'Experience what characters are feeling': U of T researchers use AI to add '4D' effects to movies
James Cameron's 3D film Avatar sought to revolutionize the movie-going experience when it was first released in 2009, creating an immersive world for viewers. But what if you also wanted to feel the heat and the wind, while flying on a banshee, direct from your cinema seat?
While a small number of so-called "4D" movies that add a physical element already exist, researchers from the University of Toronto are working on a way to apply the feature more broadly.
“Usually the chair will shake, there can be splashing or some other kind of interaction while watching the film,” says Yuhao Zhou, a fourth-year undergraduate in the Edward S. Rogers Sr. department of electrical & computer engineering, of the emerging entertainment. “Right now all these effects are created from the first phase of production. We’d like to automate this kind of process for movies that were not originally created for 4D cinemas.”

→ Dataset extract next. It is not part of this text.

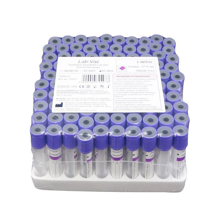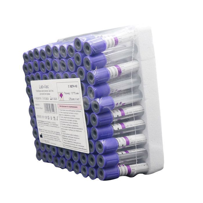 Вакуумные пробирки Lab-Vac с К3 ЭДТА, фиолетовые, 2 мл, 13х75 мм (уп. 100шт) 143021375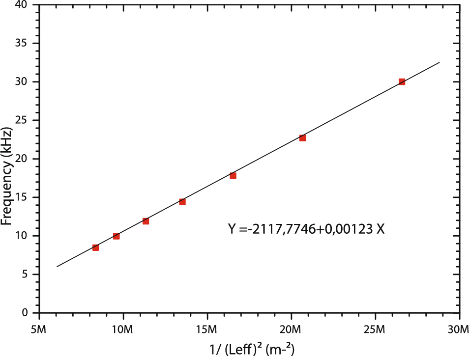 Resonant frequency of cantilever at 500 mV as a function of \(1/L^{2}_\textrm{eff} \). The red line represents the regression, and its equation is given here, where Y is the resonant frequency and X is \(1/L^{2}_\textrm{eff}\).

Zhou is working with Makarand Tapaswi, a U of T postdoctoral fellow of computer science, and Sanja Fidler, an assistant professor at U of T Mississauga’s department of mathematical and computational sciences and the tri-campus graduate department of computer science. They recently had their work, Now You Shake Me: Towards Automatic 4D Cinema, featured in a spotlight presentation at the Computer Vision and Pattern Recognition (CVPR) conference in Salt Lake City, Utah.
Zhou says a 4D movie is usually perceived from the first-person viewpoint, or camera. If Will Turner in Pirates of the Caribbean is feeling the wind blowing in his face, and the moviegoer wants to experience being Turner, then they, too, would have to experience wind in their face.
“We want to have a feature where you can just flip a switch and experience what characters are feeling,” Zhou says.
To take a regular or 3D movie to 4D, the researchers used a freelance website to annotate the film’s effects for their 4D prediction model.
“For example, [in Lord of the Rings: The Fellowship of the Ring] Frodo pulls Sam out of the water, but there are several effects happening simultaneously,” says Zhou, who began working with Fidler during his third-year of undergraduate studies. “First, he pulls him – there's a physical interaction with the hand. When Sam goes back down into the water, he pulls Frodo, and the boat shakes.
“The camera is your input,” adds Tapaswi. “But in this case you want to experience not only what the camera sees, but also one of the characters – relive how the characters felt shaking and so on.”
While 4D technology is still out of the range of physical interactions – that is, a hand pulling – Tapaswi envisions pressure sensors to simulate touch as the technology advances. The model could prove useful in other areas such as virtual reality or augmented reality.
“We're collecting these types of annotations for future studies,” Zhou says.
For their dataset, they applied both effect classification and detection. For effect classification, Zhou says their neural network, a function of machine learning that allows deep analysis and learning of data, extracted features from a short clip, including movement and audio. For detection, he says, the neural net can predict what the effects are, and where they occur, in a long video clip.
“You don't only want to know what happens to a character in a particular shot. You want to be able to say, '[the effect] is wind now, not only because I see the wind right now, but [because] it was probably windy before,’” Tapaswi says.
The researchers found certain genres of movies tended to share similar effects – for example, movies set in space like Interstellar or Gravity. This can be seen as a novel way to cluster, says Tapaswi.
“Usually with 3D movies, film-goers wear glasses and sit in a chair,” says Zhou. “With automatic 4D cinema, the neural network would process 2D and 3D movie information, feed it into the chair, and simulate the effects.”